Start of MATERIAL TO PROCESS
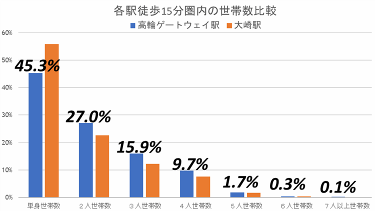 上記のグラフは、高輪ゲートウェイ駅と大崎駅の世帯数を比較したグラフです。
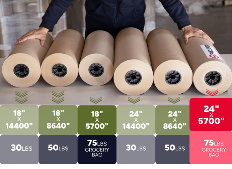 Unbleached, brown, and strong roll paper is commonly used in logistics and industrial applications.
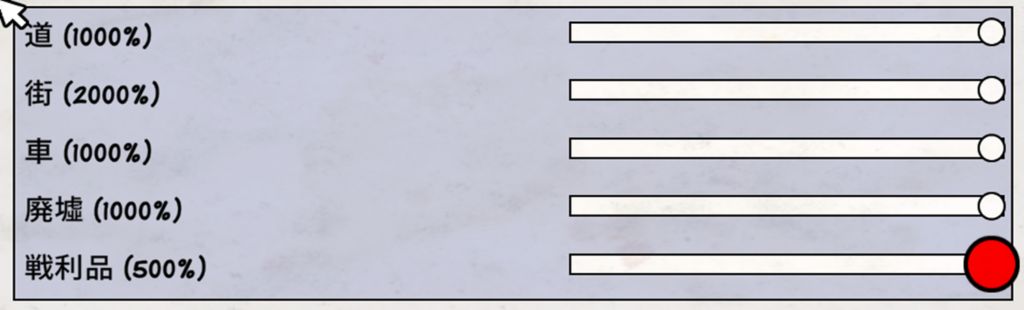 サイズやゾンビの数、街の数などの設定を範囲が広がります。
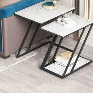 طقم ترابيزات جانبية ستيل بسطح رخام، قطعتين
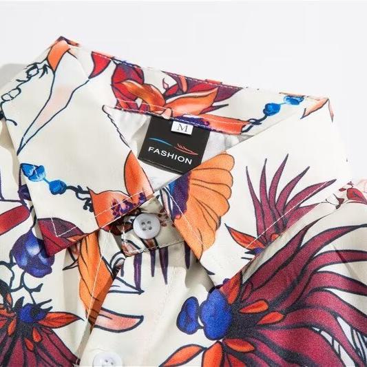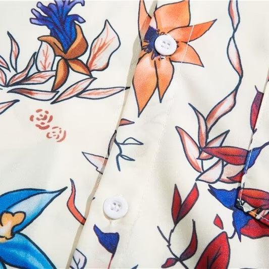 夏季新款短袖花衬衫男日系复古港味风设计感小众夏威夷风休闲衬衣
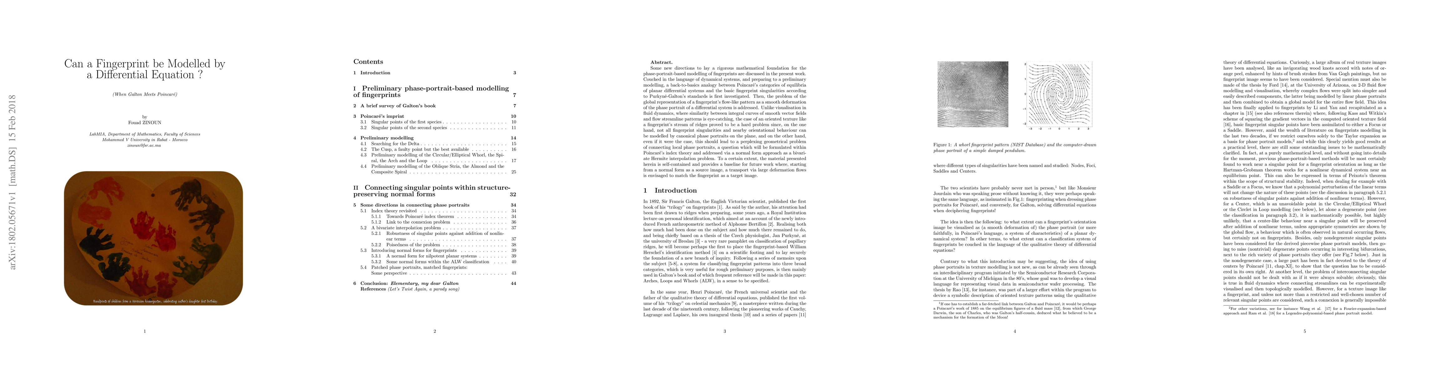 Some new directions to lay a rigorous mathematical foundation for the phase-portrait-based modelling of fingerprints are discussed in the present work. Couched in the language of dynamical systems, and preparing to a preliminary modelling, a back-to-basics analogy between Poincar\'{e}'s categories of equilibria of planar differential systems and the basic fingerprint singularities according to Purkyn\v{e}-Galton's standards is first investigated. Then, the problem of the global representation of a fingerprint's flow-like pattern as a smooth deformation of the phase portrait of a differential system is addressed. Unlike visualisation in fluid dynamics, where similarity between integral curves of smooth vector fields and flow streamline patterns is eye-catching, the case of an oriented texture like a fingerprint's stream of ridges proved to be a hard problem since, on the one hand, not all fingerprint singularities and nearby orientational behaviour can be modelled by canonical phase portraits on the plane, and on the other hand, even if it were the case, this should lead to a perplexing geometrical problem of connecting local phase portraits, a question which will be formulated within Poincar\'{e}'s index theory and addressed via a normal form approach as a bivariate Hermite interpolation problem. To a certain extent, the material presented herein is self-contained and provides a baseline for future work where, starting from a normal form as a source image, a transport via large deformation flows is envisaged to match the fingerprint as a target image.
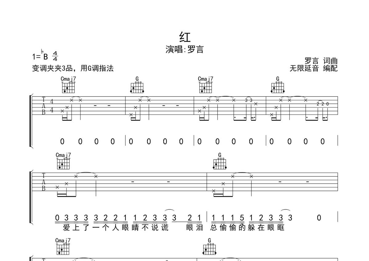 《红》是罗言演唱的一首歌曲,歌曲原调为Bb调,但由于原调指法比较难,为了方便弹奏,本吉他谱采用的是G调指法编配,变调夹3品弹奏即为原调,当然也可以根据自己的音域改变变调夹位置,或者通过改变和弦调性,以方便自己弹奏,这份吉他谱共有三张高清图谱,图谱由 @无限延音 编配上传,图谱使用六线谱编配,包含吉他和弦指法、简谱以及歌词部分,使用这份红吉他谱,可以让你更加方便地掌握这首歌曲的弹唱技巧,快来尝试吧。
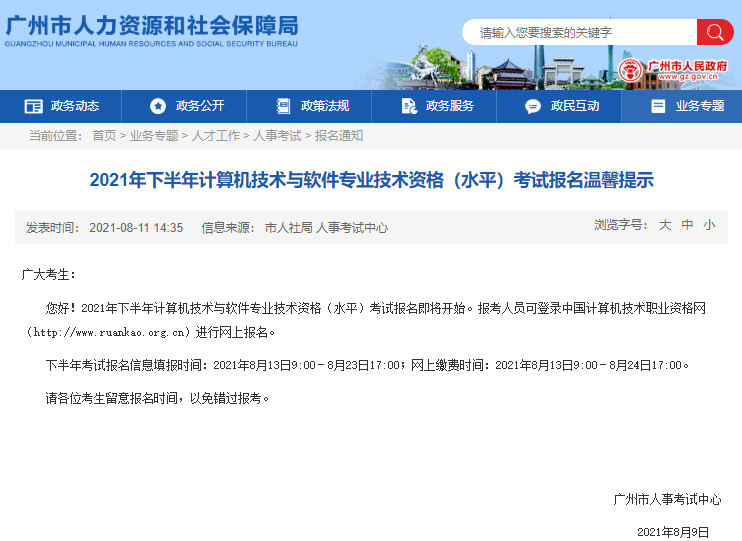 点击查看:广东2021年下半年计算机技术与软件专业技术资格(水平)考试报名通知
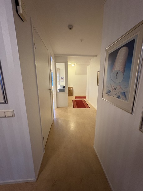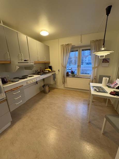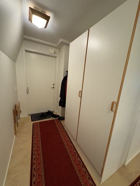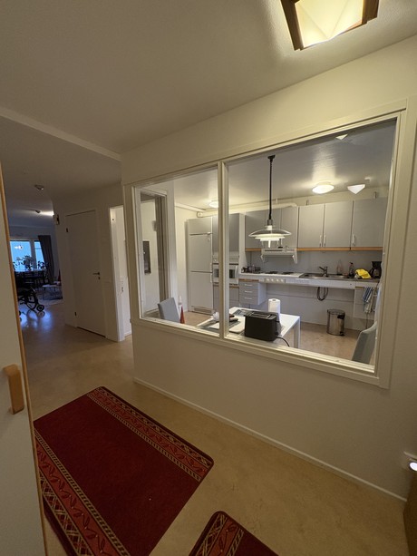 Ljus och stor hall med hatthylla. Luftigt och charmigt handikappanpassat kök med grå skåpsluckor. Badrummet är fräscht och lätt städat med kakel och plastmatta. Rummen är nymålade med vita väggar. Bara att flytta rakt in!
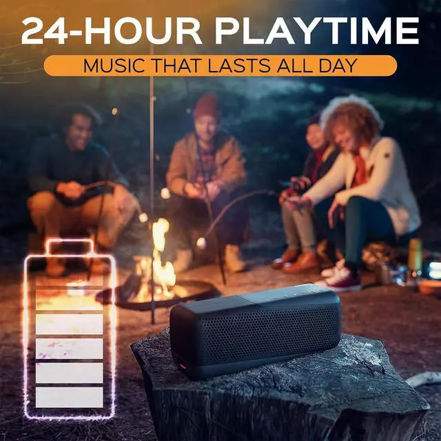 KEEP THE PARTY GOING: You get up to 24 hours of playtime from a fully charged speaker, and the power bank function lets you charge connected devices without stopping the music.
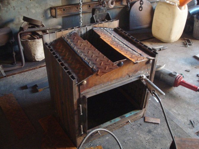После этого подготовьте верхнюю стенку – вырежьте в ней отверстие диаметром 10 мм и приварите к нему патрубок длиной 15 cм. Затем прикрепите сваркой крышку к четырем стенкам. Далее надо прикрепить ножки и сделать дверцы для печи из листа толщиной 4 мм. К дверцам приварите петли и установите на печь, сделайте ручки из стального прута.
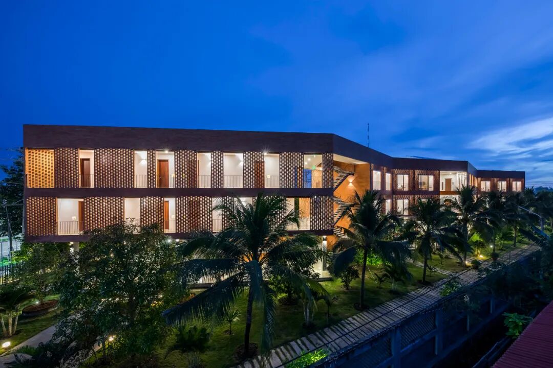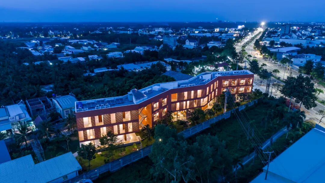 这种湄公河三角洲的独特材料以及与绿色植物的对比,使这家酒店的外观具有其他酒店的特点。我们的建议是使这个酒店 "滑入Ben Tre的大自然"。游客在这个酒店将能够通过建筑的特色循环体验各种场景。我们设计了一个酒店,在这里,只需走动一下,就能感受到Ben Tre的自然风光,而且美丽的光线会随着时间的推移而变化。
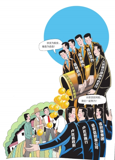 顯而易見(jiàn),扶貧風(fēng)險(xiǎn)緩釋機(jī)制不健全,是導(dǎo)致金融機(jī)構(gòu)扶貧小額信貸推進(jìn)不積極的主要原因。6部門聯(lián)合為盧氏定制的金融扶貧模式力圖改變這一狀況。
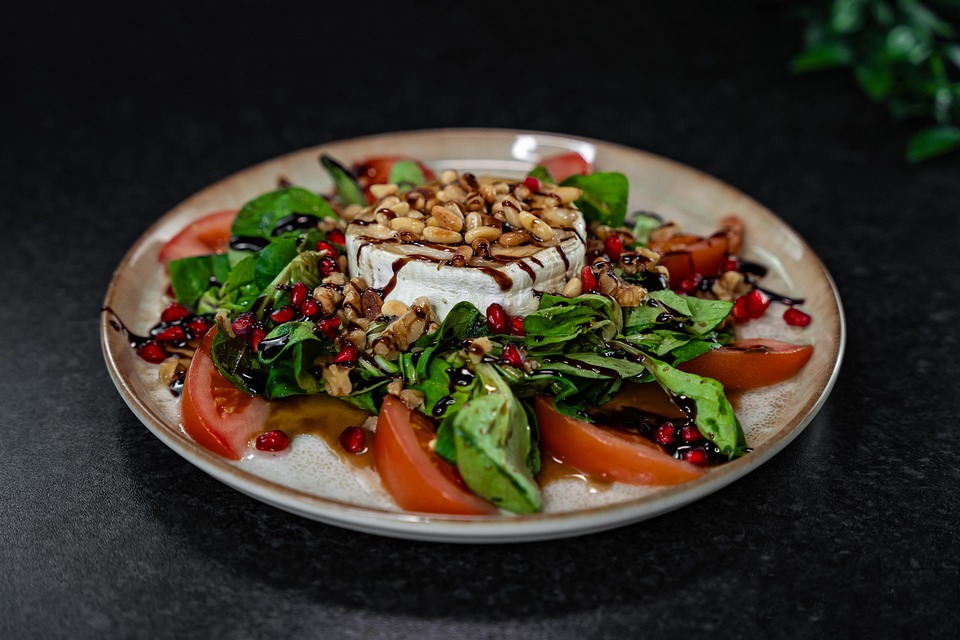 salad yang disajikan dengan indah dan cermat, menyoroti daya tarik abadi dari keju lunak premium dalam
End of MATERIAL TO PROCESS
__ACTION ITEM__.
Without the images, output all the entries exactly as they stand.

__RESPONSE BELOW__.
 上記のグラフは、高輪ゲートウェイ駅と大崎駅の世帯数を比較したグラフです。
 Unbleached, brown, and strong roll paper is commonly used in logistics and industrial applications.
 サイズやゾンビの数、街の数などの設定を範囲が広がります。
 طقم ترابيزات جانبية ستيل بسطح رخام، قطعتين
 夏季新款短袖花衬衫男日系复古港味风设计感小众夏威夷风休闲衬衣
 Some new directions to lay a rigorous mathematical foundation for the phase-portrait-based modelling of fingerprints are discussed in the present work. Couched in the language of dynamical systems, and preparing to a preliminary modelling, a back-to-basics analogy between Poincar\'{e}'s categories of equilibria of planar differential systems and the basic fingerprint singularities according to Purkyn\v{e}-Galton's standards is first investigated. Then, the problem of the global representation of a fingerprint's flow-like pattern as a smooth deformation of the phase portrait of a differential system is addressed. Unlike visualisation in fluid dynamics, where similarity between integral curves of smooth vector fields and flow streamline patterns is eye-catching, the case of an oriented texture like a fingerprint's stream of ridges proved to be a hard problem since, on the one hand, not all fingerprint singularities and nearby orientational behaviour can be modelled by canonical phase portraits on the plane, and on the other hand, even if it were the case, this should lead to a perplexing geometrical problem of connecting local phase portraits, a question which will be formulated within Poincar\'{e}'s index theory and addressed via a normal form approach as a bivariate Hermite interpolation problem. To a certain extent, the material presented herein is self-contained and provides a baseline for future work where, starting from a normal form as a source image, a transport via large deformation flows is envisaged to match the fingerprint as a target image.
 《红》是罗言演唱的一首歌曲,歌曲原调为Bb调,但由于原调指法比较难,为了方便弹奏,本吉他谱采用的是G调指法编配,变调夹3品弹奏即为原调,当然也可以根据自己的音域改变变调夹位置,或者通过改变和弦调性,以方便自己弹奏,这份吉他谱共有三张高清图谱,图谱由 @无限延音 编配上传,图谱使用六线谱编配,包含吉他和弦指法、简谱以及歌词部分,使用这份红吉他谱,可以让你更加方便地掌握这首歌曲的弹唱技巧,快来尝试吧。
 点击查看:广东2021年下半年计算机技术与软件专业技术资格(水平)考试报名通知
 Ljus och stor hall med hatthylla. Luftigt och charmigt handikappanpassat kök med grå skåpsluckor. Badrummet är fräscht och lätt städat med kakel och plastmatta. Rummen är nymålade med vita väggar. Bara att flytta rakt in!
 KEEP THE PARTY GOING: You get up to 24 hours of playtime from a fully charged speaker, and the power bank function lets you charge connected devices without stopping the music.
После этого подготовьте верхнюю стенку – вырежьте в ней отверстие диаметром 10 мм и приварите к нему патрубок длиной 15 cм. Затем прикрепите сваркой крышку к четырем стенкам. Далее надо прикрепить ножки и сделать дверцы для печи из листа толщиной 4 мм. К дверцам приварите петли и установите на печь, сделайте ручки из стального прута.
 这种湄公河三角洲的独特材料以及与绿色植物的对比,使这家酒店的外观具有其他酒店的特点。我们的建议是使这个酒店 "滑入Ben Tre的大自然"。游客在这个酒店将能够通过建筑的特色循环体验各种场景。我们设计了一个酒店,在这里,只需走动一下,就能感受到Ben Tre的自然风光,而且美丽的光线会随着时间的推移而变化。
 顯而易見(jiàn),扶貧風(fēng)險(xiǎn)緩釋機(jī)制不健全,是導(dǎo)致金融機(jī)構(gòu)扶貧小額信貸推進(jìn)不積極的主要原因。6部門聯(lián)合為盧氏定制的金融扶貧模式力圖改變這一狀況。
 salad yang disajikan dengan indah dan cermat, menyoroti daya tarik abadi dari keju lunak premium dalam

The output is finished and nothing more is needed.